02 · The physics of generation — how electrons get made
Six technologies produce the vast majority of US electricity. Each operates on different physical principles, has different cost structures, different ramp characteristics, and different regulatory treatment. Understanding the physics is not optional — it determines which technologies can scale, which can be dispatched on demand, and which compete on cost versus reliability.
03 · The 2025 fuel mix and what produces a kilowatt-hour
In 2025, the United States generated a record 4,430 TWh of electricity, up 2.8% year-on-year, ending a decade and a half of essentially flat aggregate demand. The fuel mix has shifted dramatically over fifteen years.
The 2025 mix breaks down to: natural gas 41%, nuclear 18%, coal 17%, wind 11%, utility-scale solar 7%, hydropower 6%, and a residual of biomass, geothermal, petroleum, and other sources (less than 1% combined). Renewables collectively contributed 24% of generation. Power-sector CO₂ emissions rose 4.4% on the year — the second consecutive annual increase after a long decline — driven by the brief coal resurgence on higher gas prices.
The dispatch stack and how a kWh gets priced
In every organised wholesale market, generators offer their output in bid stacks. The system operator dispatches in merit order — cheapest marginal cost first — until forecast demand is met. The bid of the last unit needed (the marginal unit) sets the locational marginal price (LMP) that every dispatched generator receives. This is fundamental to how US power markets work.
Three implications follow immediately. First, because gas is almost always the marginal generator, US wholesale electricity prices are essentially a leveraged play on Henry Hub. Second, zero-marginal-cost generators (wind, solar, nuclear, hydro) earn economic rents — they capture the gas-set clearing price despite paying nothing for fuel. Third, the steepening of the right tail of the curve (when the dispatch stack runs out of cheap generators and must call on oil peakers or scarcity-priced units) is what produced the PJM capacity price explosion we’ll detail in Part II.
04 · The regulatory stack — FERC, NERC, ISOs, state PUCs
No serious investor can underwrite a US utility name without understanding which level of the regulatory stack governs which decision. The American power system is a four-tier pyramid layered onto a tripartite physical machine. The two do not map cleanly. This is the source of most analytical errors.

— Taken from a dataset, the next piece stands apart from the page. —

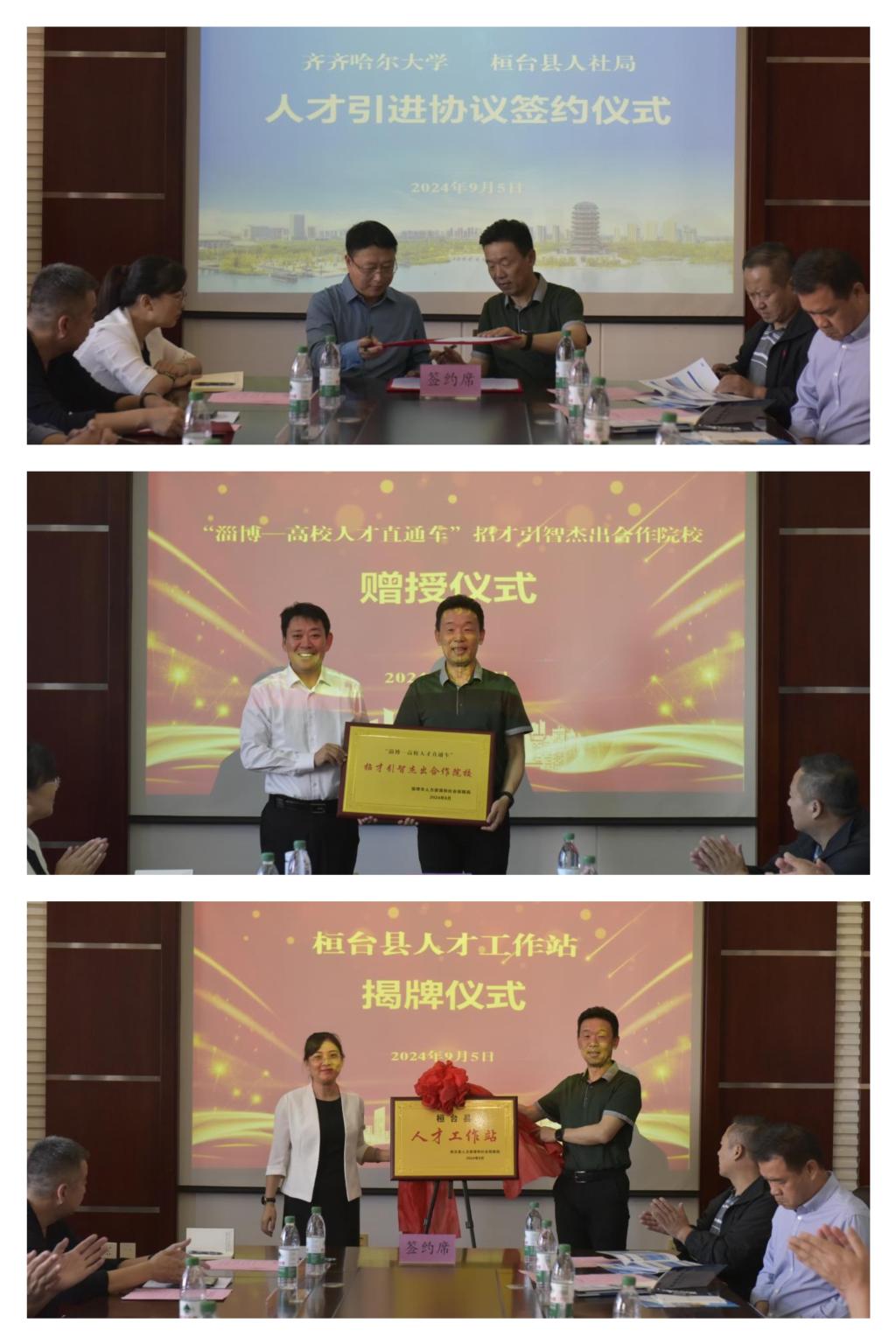 学校分别与淄博市和桓台县进行校地合作签约及授牌仪式。

FERC regulates interstate wholesale electricity sales, transmission service, and the tariffs filed by ISOs and RTOs. It does not set retail rates. Established as the Federal Power Commission in 1935 and renamed in 1977, it answers to Congress and approves market designs proposed by ISOs and RTOs. FERC has five Commissioners; the current chair under the Trump administration has prioritised data centre integration, gas turbine permitting, and dynamic line ratings.
NERC — the North American Electric Reliability Corporation — is the Electric Reliability Organisation. Designated by FERC in 2006 following the Energy Policy Act of 2005, it develops and enforces reliability standards for the bulk power system across the US, Canada, and a sliver of Mexico. Its six regional entities (WECC for the West, SERC for the Southeast, MRO for the Midwest/Plains, NPCC for the Northeast, RF for the mid-Atlantic, Texas RE for ERCOT) audit compliance. NERC penalties for reliability violations can reach millions of dollars per day per violation.

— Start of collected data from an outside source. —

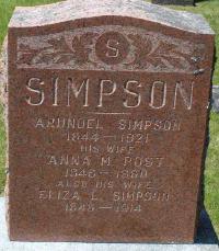 Arundel Ramsay Simpson was born on 7 March 1844 at Cramahe Twp., Northumberland Co., Canada West; Date Mar 1844 & location Brighton per Death Reg'n. Date Mar 1845 & location Ont. per 1911 Census. Date Mar 7 1845 & location Ont. rural per 1901 Census. Date 1849 & location Brighton per marriage reg'n. - Adde Young. Date Mar 1844 per email from Naomi Pinn, Dec. 1, 2004. Date 1844 per 1881 Census. Date 1841 Per 1851 Census.1,2,7,8,5,4 He appeared on the census of March 1852 at Brighton Twp., Northumberland Co., Canada West; Age 10 at 1851 Census: see Obediah Simpson.9 He appeared on the census of April 1861 at Brighton Twp., Northumberland Co., Canada West; Age 19 at 1861 Census: see Obed Simpson.10 He married Anna Maud "Minnie" Post, daughter of Isaac C. Post and Jemima Parliament, on 25 February 1868 at Brighton Twp., Northumberland Co., Ontario; Marriage Register: Groom: Randal Simpson; Age: 24; Res. & Born: Northumberland Township; Parents: Obediah & Mary Simpson; Bride: Anna Post; Age: 22; Res.: Northumberland Township; Born: Prince Edward Co; Parents: Isaac & Jemima Post; Date: Feb 25 1868; Place: Northumberland Co. (Ontario Marriage Registers, ancestry.com.)6 Arundel Ramsay Simpson lived in April 1871 at Conc BF Lot 6, Brighton Twp., Northumberland Co., Ontario; Residence per 1871 Census: Conc F (Broken Front), Lot 6, tenant. He appeared on the census of April 1871 at Brighton Twp., Northumberland Co., Ontario; Age 26 at 1871 Census: Simpson, Randall, 26, b. Ont., Pres., Dutch, farmer, married; Anna M., 23, b. Ont., married; Darwin, 3; Delmer, 1 (Conc F, Lot 6, tenant.)11 He married Eliza Leisha Simpson, daughter of George Benedict Simpson and Sarah Ann Swetman, on 30 November 1880 at Colborne, Northumberland Co., Ontario; Marriage Reg'n.#057028: Groom: Arundel R. Simpson; Age: 36; Res. & Born: Brighton Twp; Status: bachelor; Occ.: farmer; Parents: Obed & Mary Simpson; Bride: Elizabeth Simpson; Age 32; Res. & Born: Brighton Twp; Parents: George & Sarah Ann Simpson; Wit.: Sarah & John Hare, Brighton; Date: Nov 30 1880; Place: Colborne; Rel.: Pres; Performed by: Reb. P. Duncan; Reg'r.: A. Vas, Colborne (Ontario Marriage Registration, #057028-1880, ancestry.com)
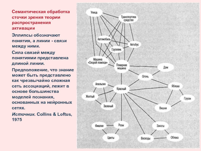 Слайд 14Семантическая обработка сточки зрения теории распространения активации
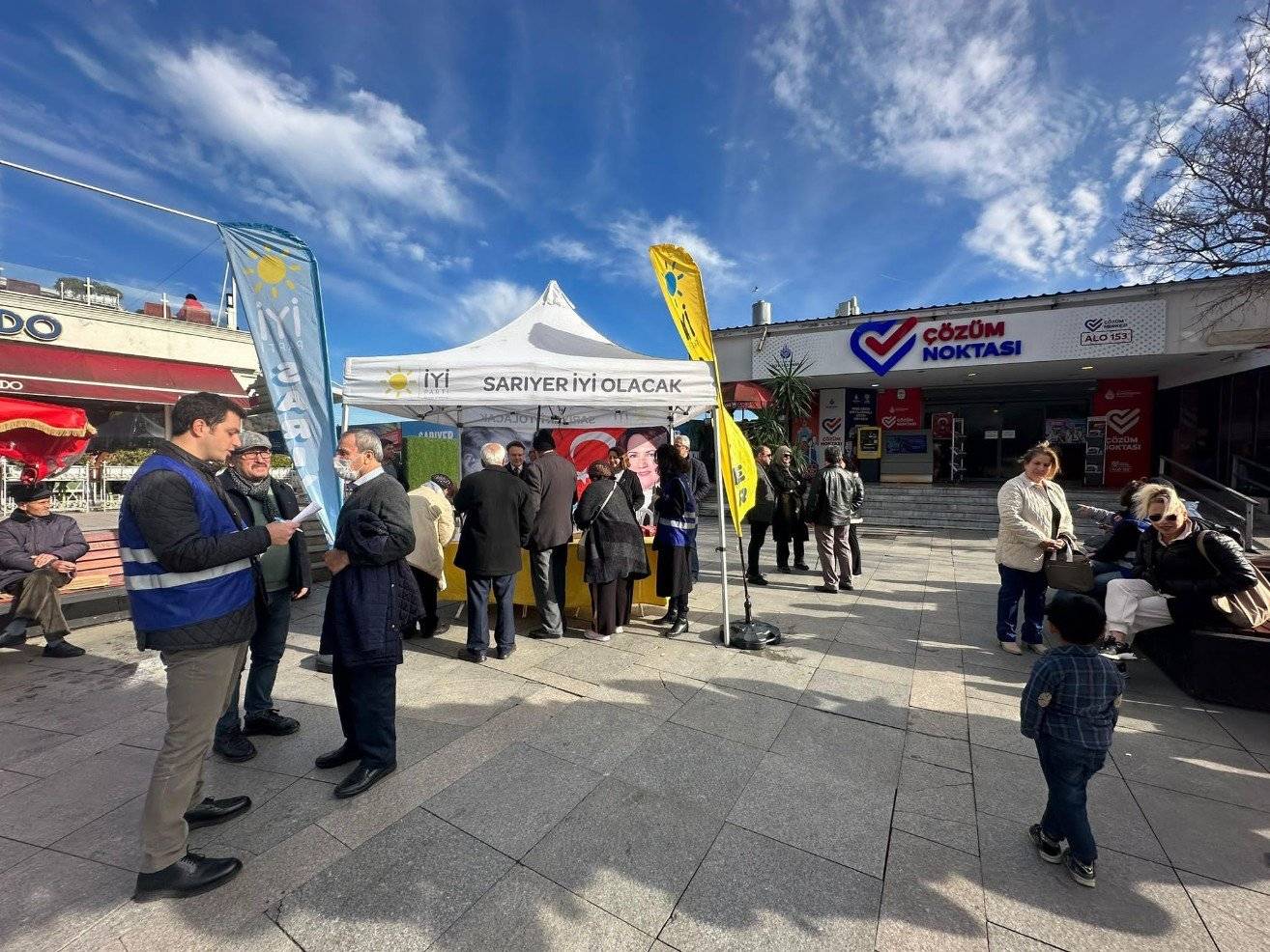 İYİ Parti Sarıyer İlçe Başkanlığı’nın sosyal medya hesaplarında yaptığı açıklamada, “İlçe Başkanımız İbrahim Temur ve Yönetim Kurulu Üyelerimiz ile birlikte; #Sarıyer Merkez İDO önünde açtığımız tanıtım çadırında çay ikramında bulunarak, vatandaşlarımızla bir araya geldik. Mahallemizin sorunlarını tespit etmek için anket çalışması yaptık. Hür ve Müstakil İYİ Partimizi, İYİ Belediyecilik anlayışımızla Sarıyer için gerçekleştirmeyi planladığımız projelerimizi anlatarak, yeni üye kazanımlarında bulunduk.” ifadelerini kullandı.
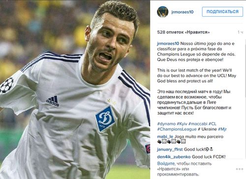 Нападающий киевского «Динамо» Жуниор Мораес с нетерпением ждет заключительный матч года против «Маккаби». Об этом бразилец сообщил на своей странице в Instagram.

ISOs and RTOs are non-profit grid operators that emerged from FERC Order 888 (1996) and Order 2000 (1999). They run day-ahead and real-time energy markets, dispatch generation by economic merit, manage congestion, and (in four of seven) run forward capacity markets. They serve about two-thirds of US electric load.
State Public Utility Commissions are the most important and least-discussed actors. They set retail rates, approve or deny utility integrated resource plans (IRPs), issue siting permits, and approve every dollar of utility capital expenditure that enters the rate base. In non-RTO regions (most of the Southeast, Southwest, and Northwest), they regulate vertically integrated monopolies directly.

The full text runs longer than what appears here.